Section 4.5    No Conflicts. Neither the execution, delivery and performance of this Agreement by Seller or Group, nor the compliance with or fulfillment of the terms, conditions and provisions hereof by Seller or Group, shall conflict with, result in a breach of the terms, conditions or provisions of, or constitute a default, an event of default or an event creating rights of acceleration, termination or cancellation or a loss of rights under, or result in the creation or imposition of any Encumbrance upon any of the Shares, under (a) the articles of incorporation or by-laws of Seller or Group, respectively, (b) any material note, instrument, agreement, mortgage, lease, license, franchise, permit or other material authorization, right, restriction or obligation to which Seller or Group, respectively, is a party or the Shares are subject or by which Seller or Group, respectively, is bound, (c) any court order to which Seller or Group is a party or any of the Shares are subject or by which Seller or Group is bound, or (d) any requirements of laws, rules or regulations affecting Seller or Group, or the Shares or otherwise applicable to the transactions contemplated by this Agreement.

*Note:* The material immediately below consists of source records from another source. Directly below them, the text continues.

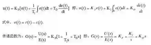 PID控制器的输入输出关系为: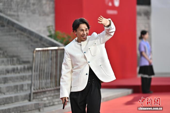9月29日晚,第九屆平遙國際電影展在山西省晉中市平遙古城舉行閉幕紅毯儀式。圖為香港電影《殺手#4》導演梁居英亮相紅毯。中新社記者 韋亮 攝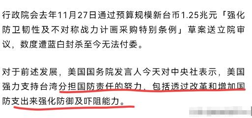 美国又改口了!在特朗普表示,“中方认为台湾是中国一部分,怎么处理是中方自己的事”之后,美国又出来表态了!1月15日,根据岛内媒体报道,美国国务院发言人表示,美国强力支持台湾分担“国防”责任的努力,包括通过改革和增加“国防”支出来强化防御及威慑能力。我们欢迎赖清德宣布台湾计划在今年将国防支出占GDP比重提高至3%以上,并在2030年提高到GDP的5%。 去年底美国务院悄悄删掉官网"不支持台独"表述,今年初又把"与台湾关系法"置顶。这种文字游戏不是第一次:2022年删了"台湾是中国一部分",被中方骂到一周后又补回去; 2025年把"非官方关系"改成"有意义的伙伴关系",现在直接给台当局算军费KPI。说白了,美国在一中原则上玩的是"分期付款式违约"——每次撕毁一点承诺,试探大陆底线。 更狠的是军事账。过去五年美国卖给台湾700亿美元武器,现在还要送"军援大礼包":2023年三次军售近10亿,把141架老掉牙的F-16A/B升级成V型,收了200亿新台币改装费; 派军事顾问驻台培训,说是"无偿援助",转头就要求台湾用"军事融资"还钱。岛内网友算过账:台当局计划2030年军费破5%,相当于每年多花2000亿新台币,足够建400所小学——这些钱最后都进了美国军火商的腰包。 最讽刺的是,美国一边喊着"保卫台湾",一边死活不承诺出兵。去年布林肯被CNN追问"会不会参战",连说了三次"确保台湾自卫";奥斯汀更直白:"解放军在台海的行动像排练攻击",但问到美军介入,立刻改口"提供防御手段"。 这种"口嗨式保护",连台湾时事评论员介文汲都看不下去:"美国改措辞是给大陆看的,台湾就是张牌,今天说支持明天就能卖。" 民进党当局却把美国的空头支票当圣旨。赖清德胜选后第一件事就是宣布加军费,跟着就和美国谈2290亿新台币的军购大单,包括过时的"海马斯"火箭弹和岸防导弹。 岛内舆论炸锅:去年台军被曝用过期15年的导弹训练,现在还要花冤枉钱买美国淘汰货。有台湾退役将领直言:"美军把台湾当乌克兰第二,想让我们打巷战到最后一人。" 美国打的什么算盘?明眼人都清楚:一方面靠军售吸血,2025年对台军售欠款高达142亿美元,比台湾一年军费还多;另一方面把台湾变成"豪猪",塞进亚太军事体系——2022年想拉台湾进"北约+",2025年推动参加多边军演,摆明了要把台海变成第二个俄乌战场。 但他们忘了最基本的事实:中美建交时白纸黑字写着"台湾是中国一部分",联大2758号决议早把台湾定位定死了。 中方的反制从来不含糊。去年美国通过110亿美元对台军售,外交部当天召见美大使;解放军环台军演常态化,无人机绕台次数比台军战机起飞次数还多。 正如王毅外长说的:"台湾问题是中美关系第一条红线,谁碰谁出血。"现在的台海,不是20年前的台海——当美国还在用"切香肠"战术玩火,14亿中国人捍卫主权的决心,早已凝成钢铁长城。 从特朗普"说实话"到国务院"递刀子",美国的台海政策从来没变过:用台湾的血,养自己的军火商,耗中国的发展时间。 但历史大势不会骗人:1979年中美建交时,美国承认一个中国;2026年的今天,全球182个国家同中国建交——这就是"台湾是中国一部分"最硬的道理。民进党当局与其给美国数钱,不如听听岛内民众的呼声:"别当美国人的炮灰,和平统一才是出路。"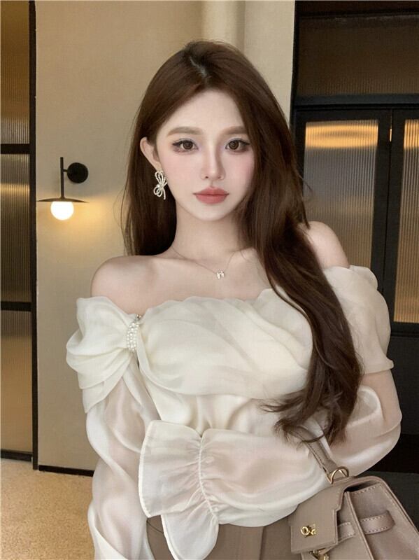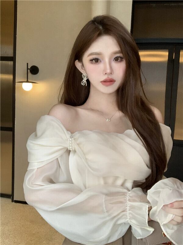 優しいワンショルダー長袖シャツレディース夏甘くスリムなショートシャツデザインセンスニッチオフショルダートップ ロング 大人ガーリー スウィート キュート カジュアル サマー 夏物 bstraw55800582854 | beaute25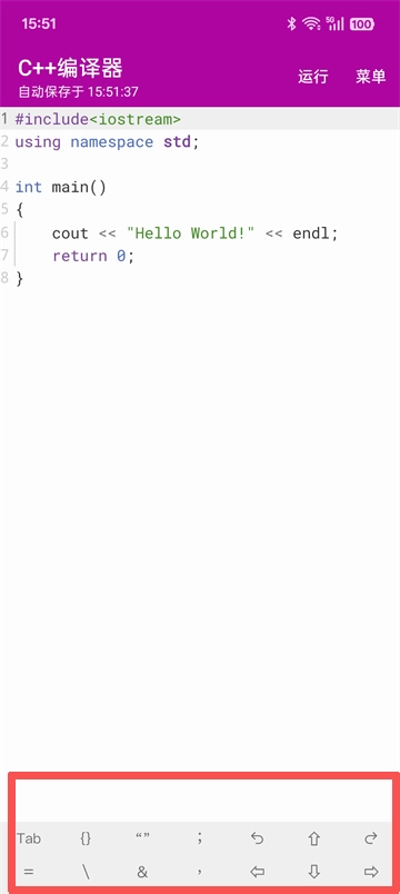 打开C++编译器手机版后,就能直接在手机上编写代码了。代码写完点击运行,就能完成编译组建和运行操作。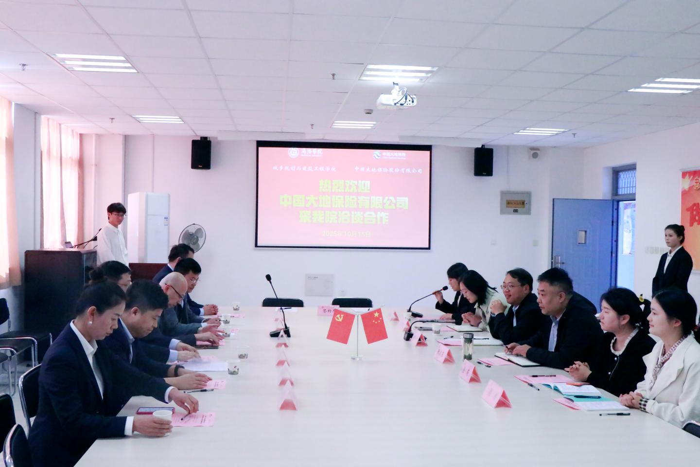 学院党委书记、院长杨小锋对从学科专业建设、师资队伍配置、特色人才培养模式及毕业生就业质量等方面进行详细介绍,并向大地保险公司对学院就业工作的支持表达感谢,他指出实践教学与就业创业指导在学生成长成才中起到非常关键的作用,此次合作将为学生实践能力提升和职业发展起到极大的推动作用,为学院就业工作注入新的活力。

Section 4.6    Material Non-Public Information. Each of Seller and Group acknowledges that the Company and its Affiliates, officers and directors, may possess material non-public information not known to Seller or Group regarding or relating to the Company, including, but not limited to, information concerning the business, financial condition, results of operations, prospects or other plans of the Company, and that neither Seller nor Group has received or requested any such information, and each agrees that neither the Company nor its Affiliates, officers or directors shall have any liability whatsoever to Seller or Group with respect to the nondisclosure of any such material non-public information, whether before or after the date of this Agreement.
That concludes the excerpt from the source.